L’équipe CompareTauxLecture : 5 min

Le principe

Passé un délai de deux ans de mise en vigueur ininterrompue du contrat, l’assureur ne peut plus, en règle générale, invoquer une fausse déclaration ou une réticence pour refuser la prestation. C’est une protection pour l’assuré et ses bénéficiaires.

L’exception de la fraude

Le délai ne s’applique pas en cas de fraude. Une fausse déclaration intentionnelle reste contestable après deux ans; la distinction entre erreur et fraude s’apprécie selon les faits.

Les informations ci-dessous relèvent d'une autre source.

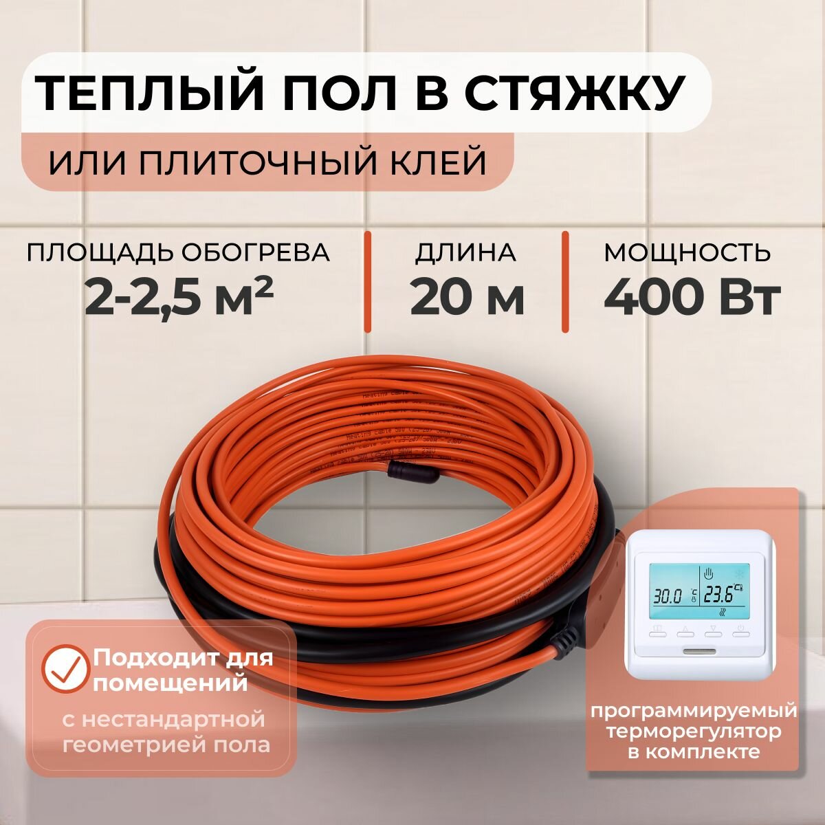 10 цен на Теплый пол В стяжку или Плиточный клей 400Вт (2,0-2,5 м.кв.) с Электронным терморегулятором

Ce que le délai ne change pas

Il ne valide pas une exclusion inscrite au contrat. Une exclusion — certains risques, certaines activités — demeure opposable pour toute la durée du contrat, quel que soit le temps écoulé.

La clause de suicide

La plupart des contrats prévoient une période initiale, souvent de deux ans, pendant laquelle le décès par suicide n’est pas couvert ou donne lieu au seul remboursement des primes. Cette clause est distincte du délai de contestation.

Le remplacement remet le compteur à zéro

Annuler un contrat pour en souscrire un nouveau fait repartir le délai, et parfois la clause de suicide. C’est une raison de plus d’examiner un remplacement avec un conseiller inscrit plutôt que de le faire soi-même.